3 Pergi ke kehidupan yang sengsara, ditusuk-jarum, letih, telanjang dan kurus kering; ketakutan, di dalam kengerian yang besar dan bertangan penuh darah, sehingga mereka tidak mau menampakkan (dirinya sendiri).
4 Saudara lelakinya, yang terpaku, telanjang, sendirian di jalur tunggal, membungkuk di atas kaki dan tangannya, menampakkan dirinya kepada thera itu.
5 Tetapi thera itu tidak memperhatikan dan lewat tanpa bicara, maka dia memberitahu sang thera, dengan mengatakan, "Saya adalah saudara lelakimu yang datang sebagai peta;
6 lbumu dan ayahmu, Tuan, telah pergi ke kehidupan yang sengsara di alam Yama.
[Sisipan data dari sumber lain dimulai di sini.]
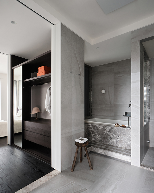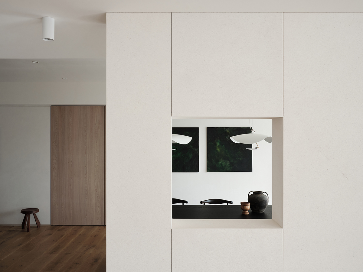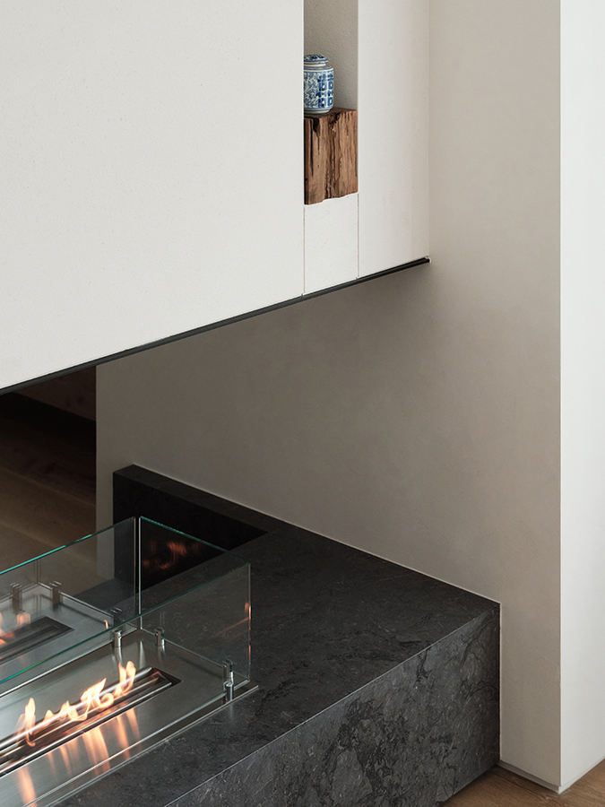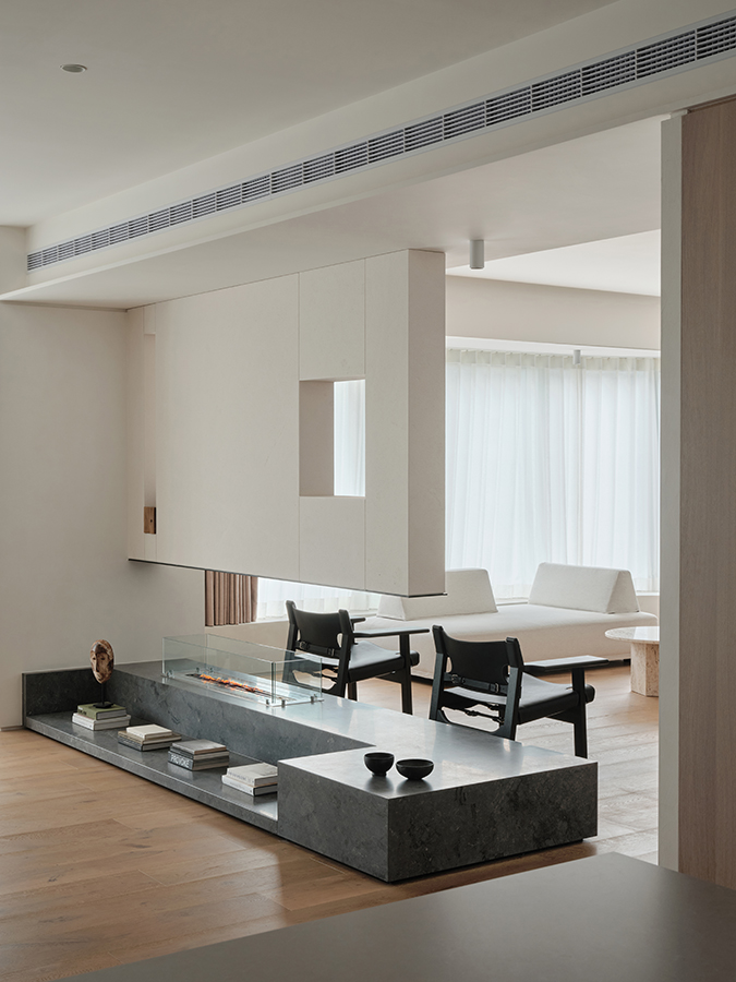 於家中活動區域的中心,建置懸吊牆體。除增加空間層次,牆體開口創造室內窗景,透過窗景讓日常變得有趣。牆體下方石材基座,其複合式機能,一滿足屋主一家書蟲信手捻來閱讀的樂趣、一內嵌火爐,大家圍繞此處,談天交流,好不幸福。轉化原有窗邊結構的缺點,規劃窗台與臥榻,模糊室內與室外的界線,愜意地感受自然變化。

Karena telah melakukan tindakan­ tindakan yang jahat, mereka telah pergi dari sini ke alam peta.
7 Pergi ke kehidupan yang sengsara, ditusuk-jarum, letih, telanjang dan kurus kering; ketakutan, di dalam kengerian yang besar dan bertangan penuh darah, sehingga mereka tidak mau menampakkan (dirinya sendiri).
8 Engkau penuh kasih sayang; mohon berbelas-kasihanlah – ketika engkau telah memberi, limpahkanlah itu kepada kami (karena) lewat sarana makanan yang diberikan olehmu itulah maka tangan yang penuh darah ini dapat ditopang."
(Mereka yang mengulang Dhamma) kemudian mengucapkan syair-syair ini untuk menunjukkan alur tindakan yang diambil oleh thera tersebut ketika beliau mendengar ini:
9 'Ketika sang thera dan duabelas bhikkhu lain telah mengumpulkan dana makanan, mereka berkumpul di tempat yang sama dengan tujuan berbagi makanan tersebut.
10 Sang thera berkata kepada mereka semua: "Berikanlah kepadaku sebagaimana telah diterima; saya akan mengubahnya menjadi makanan bagi Sangha karena belas kasihan pada sanak saudaraku."
11 Mereka menyerahkannya kepada sang thera dan sang thera pun mengundang Sangha. Setelah memberikan, sang thera melimpahkannya kepada ibunya, ayahnya, dan saudara lelakinya dengan mengatakan, "Biarlah ini untuk sanak saudaraku! Semoga sanak saudaraku bahagia!"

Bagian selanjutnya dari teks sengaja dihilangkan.